Asia’s third-largest economy, faced with a cost-of-living crisis, is barely above its pre-pandemic level and faces headwinds from elevated commodity prices, a widening current account deficit (CAD), and a likely recession in the West as central banks world-over quicken monetary tightening to combat multi-decade high inflation.
“Some of the (slowdown) is bound to happen, and should happen, otherwise monetary policy might be ineffective. So, the responsibility now should be of fiscal policy to make sure that doesn’t happen because the RBI has no choices left,” Sen added.
How much support the Centre can offer is questionable. Pandemic-related costs, loss of revenue, and cleaning up of the government’s books saw the central government fiscal deficit jump to 9.2 percent of GDP in FY21, before easing to 6.7 percent in FY22.

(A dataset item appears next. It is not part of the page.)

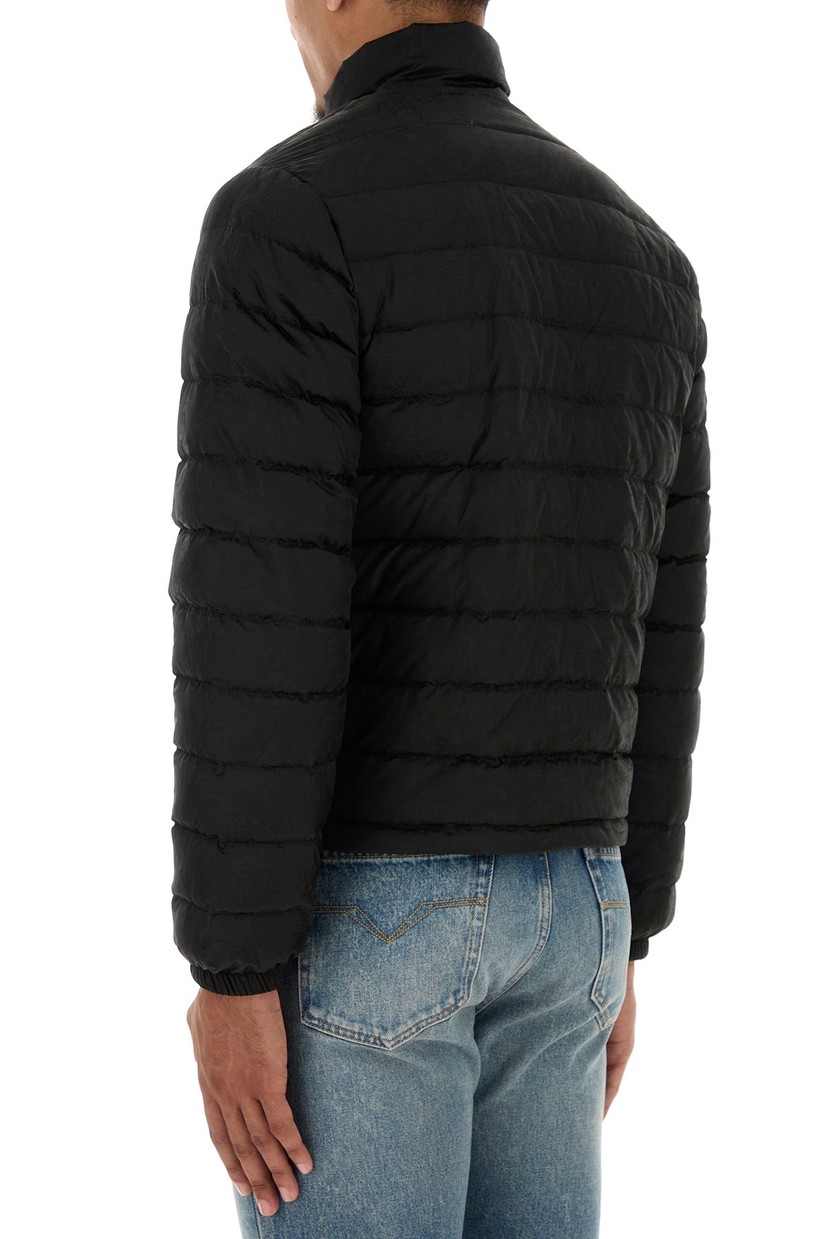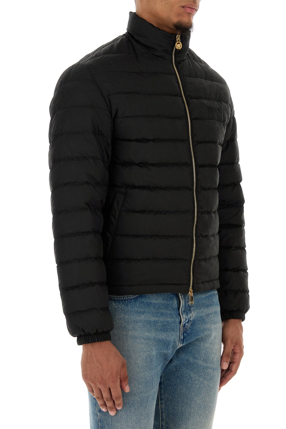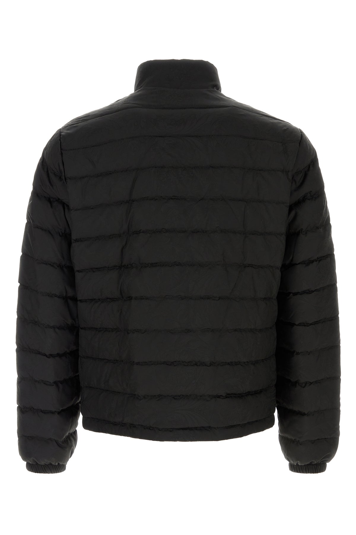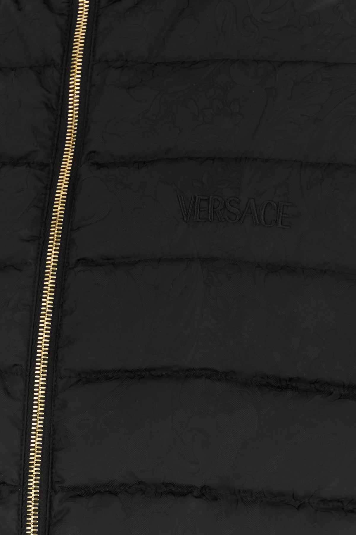 Down jacket realized in quilted nylon characterized by tonal Barocco embroidery on the entire surface and tonal embroidered logo on the chest.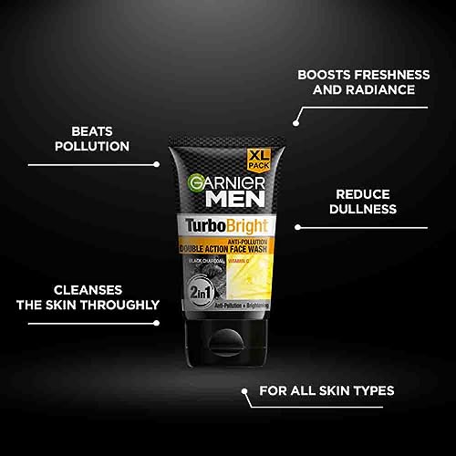 Garnier Men Turbo Bright Double Action Face Wash, Deep Cleansing Anti Pollution Face Wash with Charcoal and Vitamin C, Suitable for all Skin Types, 150g x2 (Pack of 2)

The Budget has targeted a fiscal deficit of 6.4 percent for FY23. But Finance Minister Nirmala Sitharaman has a tough task on her hands as expenditure on food subsidy has been raised, while earnings have been hit by excise duty cuts and a lower dividend from the RBI.
Key to the Indian recovery is investments.
The pandemic has led to the Indian corporate sector garnering a larger share of the economy as the so-called micro, small, and medium enterprises (MSMEs) were battered by the second wave of the pandemic.
“If you look at corporate data, there is fantastic recovery, better than anywhere else in the world. But if you look at it as a whole, the MSMEs are still in very, very bad shape,” Sen said.
According to Sen, the spurt in investments seen in the second half of FY22 is not sustainable as that reflected a rush to finish projects, with the past lockdowns leading to a bunching of investments.
“These were projects that were already on the ground, the finances were tied up, everything was in place. So, there was a huge rush to complete that, which is why you saw a bulge in capex in the second half of the last fiscal year,” Sen said.
“Will the corporates want to invest more now? Do they have the confidence, particularly when you are looking at a global recession staring you in the face by the end of this year and next year?”
Sen’s doubts are reflected in data. While the government has highlighted that private sector project announcements are high, not all of the money is finding its way out of companies’ pockets. According to the RBI’s latest Financial Stability Report, released in late June, companies have been sitting on increasingly large piles of cash.
Let rupee ease
Meanwhile, Sen is not too worried about the rupee, which has plummeted to new lows recently.
According to Sen, the rupee probably needs to continue depreciating as it continues to be overvalued when seen against currencies other than just the US dollar.
As per latest data, the rupee’s real effective exchange rate (REER) against a basket of 40 other currencies stood at 104.18 in June.
A REER of more than 100 is indicative of overvaluation of the currency.
“The thing is, do you actively manage the deprecation, that is, do you force the rupee down or do you just allow it to happen? My opinion is to just let it happen if it happens. Just manage the volatility,” Sen said.On the CAD likely hitting 3 percent of GDP in FY23, Sen said that didn’t warrant an overreaction given the overall “unusual situation”.